Exercise testing in the evaluation of patients at high risk for complications from lung resection.

Exercise testing was performed on 37 patients with resectable lung lesions who were deemed inoperable because of any of the following risk factors: (1) FEV1 less than or equal to 40 percent of predicted; (2) radionuclide calculated postlobectomy FEV1 less than or equal to 33 percent of predicted; or (3) arterial PCO2 greater than or equal to 45 mm Hg. The patients who reached a peak level of oxygen consumption during exercise (VO2Peak) of greater than or equal to 15 ml/kg/min were offered surgical treatment. Patients with a VO2Peak of less than 15 ml/kg/min were referred for nonsurgical management and excluded from the study. Eight patients underwent lung resection. Their pulmonary function revealed a severe obstructive lung defect with a group mean predicted FEV1 of 40 +/- 6 percent, an FEV1/FVC ratio of 47 +/- 10, a radionuclide calculated postlobectomy FEV1 of 31 +/- 4 percent, and a mean arterial PCO2 of 44 +/- 6 mm Hg.
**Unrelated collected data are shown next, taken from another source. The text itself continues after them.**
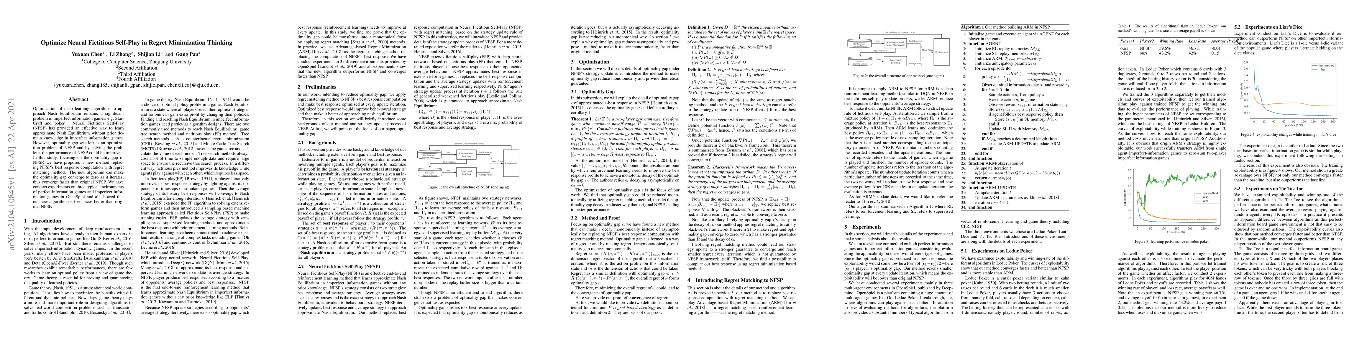 This paper proposes a new method to optimize Neural Fictitious Self-Play (NFSP) by replacing its best response computation with a regret matching approach, aiming to minimize the optimality gap. Experimental results show that the new algorithm converges faster and performs better than the original NFSP across various game environments.
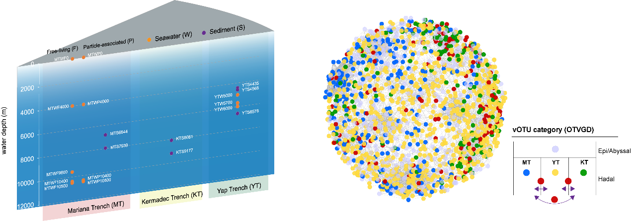 Fig 1. Left, the sampling locations and sample types of the metagenomes used for the construction of the oceanic trench viral genome dataset (OTVGD); Right, connectivity of viruses in the oceanic trenches.
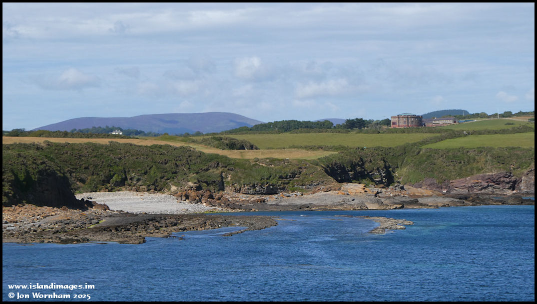 Looking across the water from the area reclaimed from the sea for the Ronaldsway runway extension in 2009, with Santon Gorge on the right but hidden behind the headland.
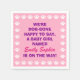 Den pappra servetten visningar rosa med vit tass avtryck och texten "Vi är hund-borta lycklig, för att säga, en flicka som heter [baby] är på väg! De här blöjorna är underbara artiklar för tassutskrift, tema för hund, upphettad matta eller djurmatade babyduschar.
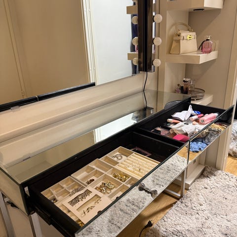 Hyvässä kunnossa meikkipöytä valopeilin kanssa myydän tarpeettomaksi. Meikkipöytä Ehjä ei ole vikaa eikä vauriota vain pieniä käytönjälkiä löytyy. Valopeili annetaan ilmaiseksi pöydän kanssa koska peili on rikki kuten kuvassa näkyy mutta valot toimii hyvin ja valoissa on kolme eri väriä.

No relationship was found between each patient's exercise performance and spirometric function. Six of the patients had an uncomplicated postoperative course. Two patients had complications but no patient died as a result of surgery or postoperative complications. All patients were discharged from the hospital within 22 days (mean = 9.8 days). We conclude that exercise testing is a useful complement to conventional cardiopulmonary evaluation used in selecting patients for lung resection.